Il y a aussi une raison juridique. Une fusion complète aurait déclenché des clauses de changement de contrôle dans des centaines de contrats de fourniture et de brevets, coûtant des milliards supplémentaires. Le montage actuel, où Schaeffler est un "actionnaire de référence" très puissant, est bien plus souple. Cela permet à Continental de lever de la dette par elle-même sans impliquer directement le bilan de la famille. C'est malin, même si c'est complexe à suivre pour le grand public.
Questions fréquentes sur l'actionnariat de Continental
Est-ce que Continental est une entreprise française ?
Pas du tout. Continental est une entreprise allemande, dont le siège social est situé à Hanovre. Elle possède de nombreuses usines en France (comme à Sarreguemines), ce qui crée parfois une confusion, mais son cœur et son capital sont profondément germaniques.
Qui est le véritable patron de Continental aujourd'hui ?
Le PDG (CEO) actuel est Nikolai Setzer. Cependant, il répond devant un conseil de surveillance où la famille Schaeffler dispose d'un poids prépondérant. Georg Schaeffler y siège personnellement. On peut dire que Setzer gère l'opérationnel, tandis que les Schaeffler définissent la trajectoire à long terme.
Pourquoi l'action Continental a-t-elle tant baissé ces dernières années ?
Le secteur automobile traverse une crise existentielle. Entre le passage forcé à l'électrique, la pénurie de semi-conducteurs et la concurrence chinoise, les marges s'effritent. Continental n'échappe pas à la règle. De plus, la scission de Vitesco a mécaniquement réduit la taille du groupe, ce qui se reflète dans le cours de bourse.

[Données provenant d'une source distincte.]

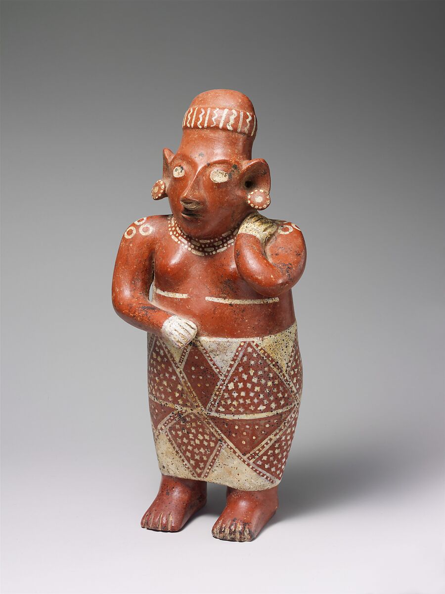 Few textiles from ancient Mesoamerica have survived, but artworks like this one provide valuable insights into their use and appearance. West Mexico’s weavers utilized various structural techniques on and off the loom, including hand netting, to create designs that reflect the geometry of the weaving process itself. This can be seen in the diamond-like patterning of the skirt. Using only white and red slip the artist suggests the various textures of the woven cloth depicted. Cloth colored with dyes sourced from plants, insects, and minerals was manipulated in myriad ways to create items of dress and ornament. Textiles were wrapped around the lower body to form loincloths and skirts, and narrow, twisted bands of cloth were wound and tied to secure head coverings. Even neck ornaments were sometimes delicately woven and beaded.

Quel est le lien entre Continental et Adidas ?
C'est une anecdote amusante mais révélatrice de leur savoir-faire. Continental fournit le caoutchouc des semelles de certaines chaussures de sport Adidas. C'est une collaboration technique qui permet de montrer que leur technologie d'adhérence ne se limite pas aux voitures. Mais rassurez-vous, Adidas n'a pas racheté Continental, et inversement.
Le verdict : une fusion ratée ou un coup de génie ?
Honnêtement, c'est flou. Si l'on regarde le bilan de 2009, c'était un désastre absolu qui a failli détruire deux fleurons de l'industrie allemande. Mais avec le recul de quinze ans, le constat est plus nuancé. La famille Schaeffler a réussi son pari : ils sont aujourd'hui à la tête d'un empire intégré qui pèse lourd face aux géants Bosch ou Denso. Ils ont survécu à une crise financière mondiale, à une pandémie et à une révolution technologique sans perdre le contrôle de leur entreprise.
Le rachat de Continental par Schaeffler reste un cas d'école de ce qu'on appelle le "capitalisme de Rhénanie", où la vision à long terme d'une famille l'emporte sur les soubresauts trimestriels de la bourse. Ce n'est pas toujours joli, c'est souvent brutal pour les employés et les petits actionnaires, mais c'est d'une efficacité redoutable pour maintenir une souveraineté industrielle. L'essentiel à retenir, c'est que Continental n'est plus le cavalier seul qu'il était avant 2008 ; il fait désormais partie d'une constellation orbitant autour de la galaxie Schaeffler, et cela ne semble pas prêt de changer.
Alors, la prochaine fois que vous verrez un pneu avec le logo du petit cheval cabré (oui, c'est aussi le logo de Continental, bien avant Ferrari), rappelez-vous que derrière le caoutchouc se cache l'une des batailles financières les plus épiques du XXIe siècle. Une bataille gagnée par une famille discrète qui a su parier gros, très gros, quitte à frôler l'abîme.